Japan’s nuclear meltdown prompts talk of safety, Yucca Mountain’s role

Sun coverage

WASHINGTON - The partial meltdown of several nuclear power plants around Japan as a result of a tsunami that wrought untold havoc there over the weekend is forcing a discussion about nuclear safety in the United States that could have big consequences for Nevada.

Development of nuclear as an energy alternative has been getting a huge political push in recent months, with both the Obama administration and the new Republican majority in the House favoring investment in the field, including restarting construction on nuclear power plants that have been waiting in the wings since the Three Mile Island incident in the ‘70s.

That new attention has, in turn, raised the question of what’s to happen with Yucca Mountain -- Nevada’s potential waste-dump site that hasn’t yet been approved by the Nuclear Regulatory Commission, but hasn’t been scratched either.

Yucca Mountain has been off the agenda under the Obama administration’s last few budget requests, but now that Republicans are dictating much of the process, it’s back on. Last month, House leadership made sure to include a prohibition against using federal funds to wind down operations at the site in their fiscal 2011 budget reduction bill, on the rationale that the nuclear industry can’t expand until there is a place to dump spent waste.

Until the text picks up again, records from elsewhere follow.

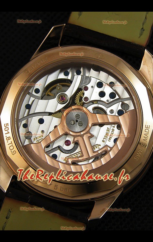 Boîtier en acier inoxydable poli 316L plaqué or rose 18 carats avec fond ouvert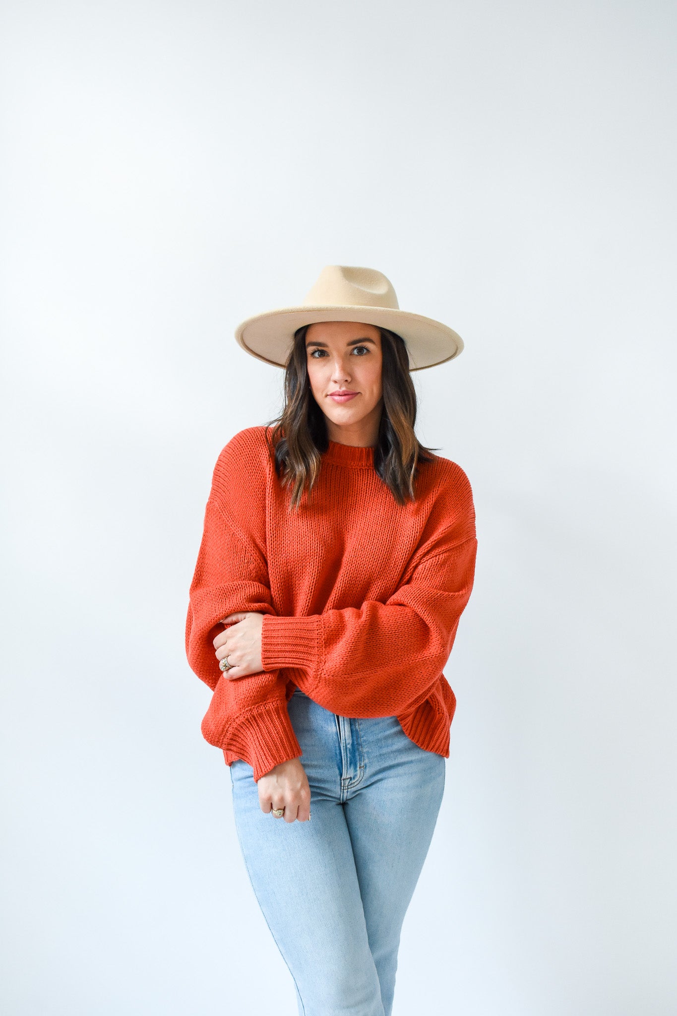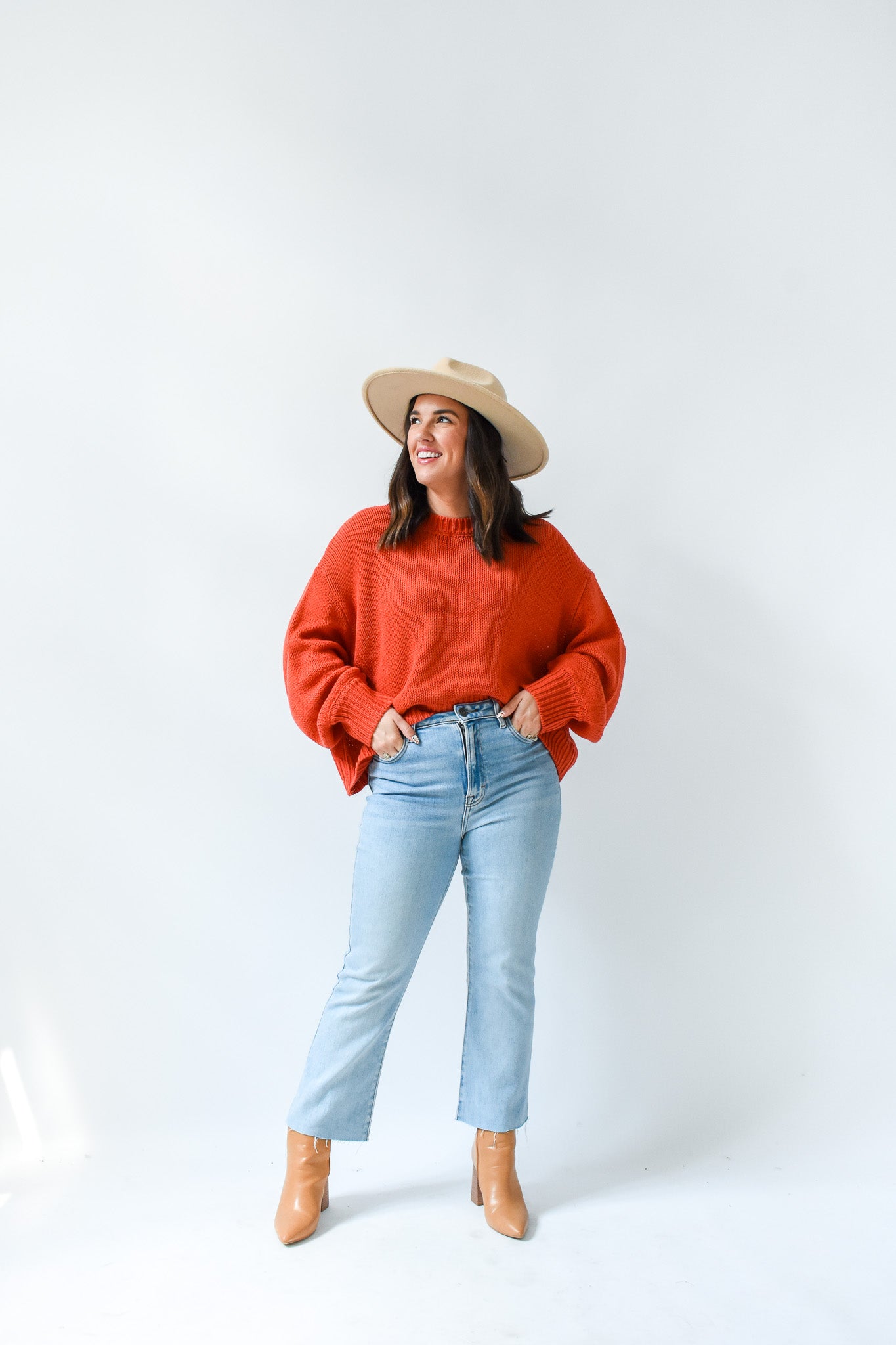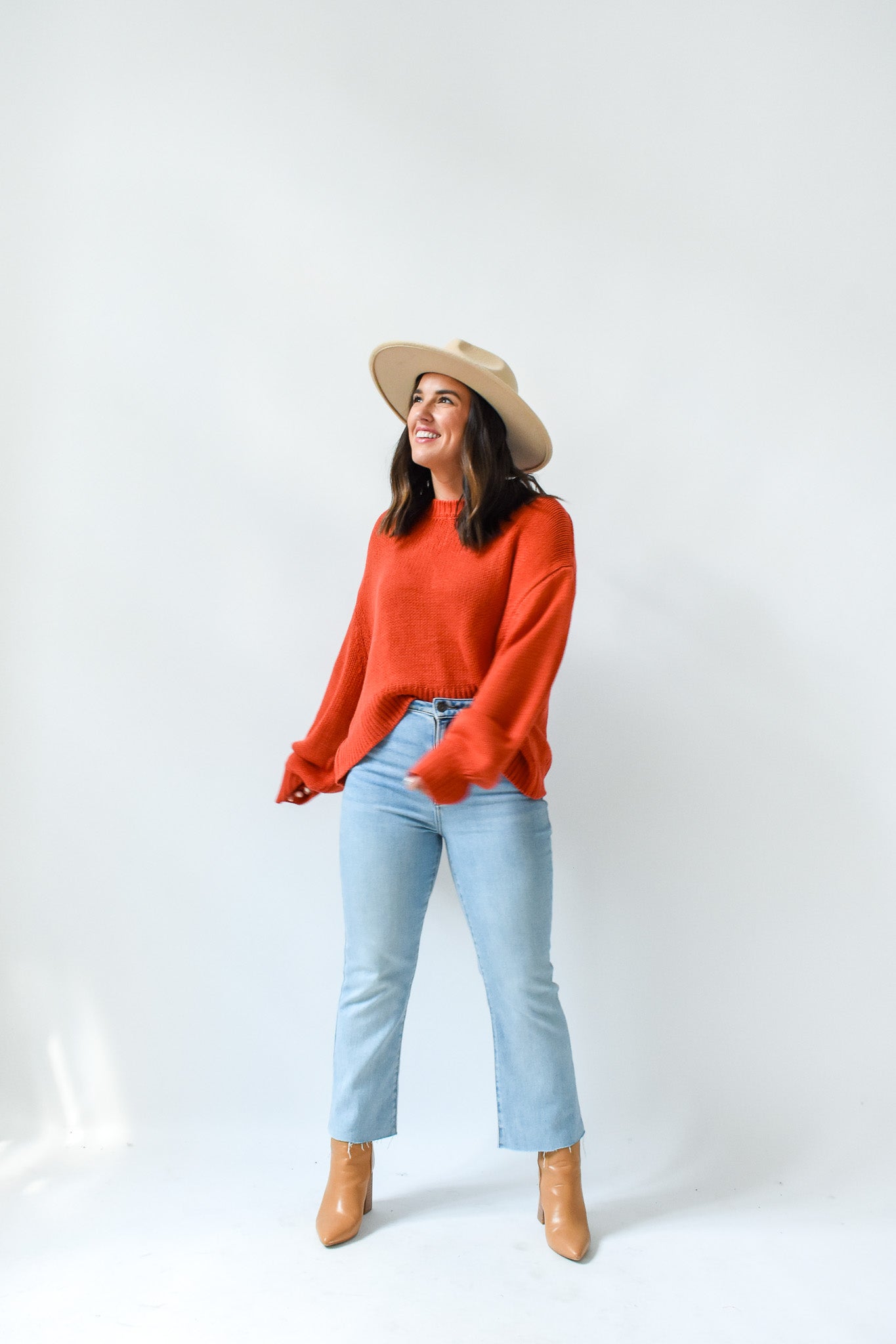 Get ready for cooler weather in our Orange You Glad It's Sweater Weather Top. It features a ribbed neckline, balloon sleeve with ribbed cuffed, oversized fit, and a ribbed hemline.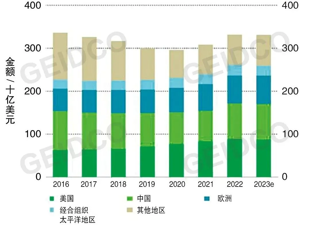 报告预测,2023年全球电网领域投资将趋于平缓,总额维持在3300亿美元左右,详见图3。

While the Obama administration hasn’t taken the same tack on Yucca, there does seem to have been an inevitability about the issue for the last few months. “Clean” power nuclear energy is the one area in which the Obama administration’s renewable-friendly and the Republicans’ oil-and-gas friendly energy priorities seem to intersect, meaning a broad roll-out of nuclear power facilities was to be a likely fulcrum of any greater energy deal.

But the Japan incident already seems to be giving many in Washington pause about just how great an idea that nuclear roll-out might be.

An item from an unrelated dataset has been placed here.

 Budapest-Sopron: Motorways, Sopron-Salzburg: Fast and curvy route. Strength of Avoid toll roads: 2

Independent Sen. Joe Lieberman, who has been a backer of nuclear, said Sunday on "Face the Nation" that he thinks the U.S. should abandon its plans for nuclear expansion for now.

“I think we’ve got to kind of quietly, quickly put the brakes on until we can absorb what has happened in Japan,” he said.

Other senators in both parties have said the meltdown should only push the United States to direct more attention to developing safety and security measures for new facilities.

But to date, discussion about the potential for nuclear accidents in the United States has centered around problems of transportation, faulty machinery and human error -- not the kind of cataclysmic natural disasters that nobody can predict, fully safeguard against or control.

While much of the United States is susceptible to tsunamis, there are several active fault lines and areas of volcanic activity not far from where existing nuclear power plants, nuclear reactors for research purposes and other proposed commercial sites are located. The West Coast is the worst: in California, home to some of the country’s oldest licensed nuclear power plants, there are at least two full-scale commercial plants near the San Andreas fault, the country’s most earthquake-prone region.

While nuclear experts have argued that the plants in the U.S. have been built with the utmost attention to earthquake resistance, it’s also the case that the nuclear power plants currently in operation in the United States all date back, in part or in whole, to construction dates of more than 30 years ago.

But now that the issue is on the table, it appears the fear of an accident that has gripped Nevadans for several years is now spreading to other states’ representatives as they wait to see the full extent of the damage that will result from the Japanese crisis -- and decide if for them, too, the risks of nuclear power hit too close to home. If they do, it could be the final nail in the nuclear Yucca project that so many Nevadans have waited for.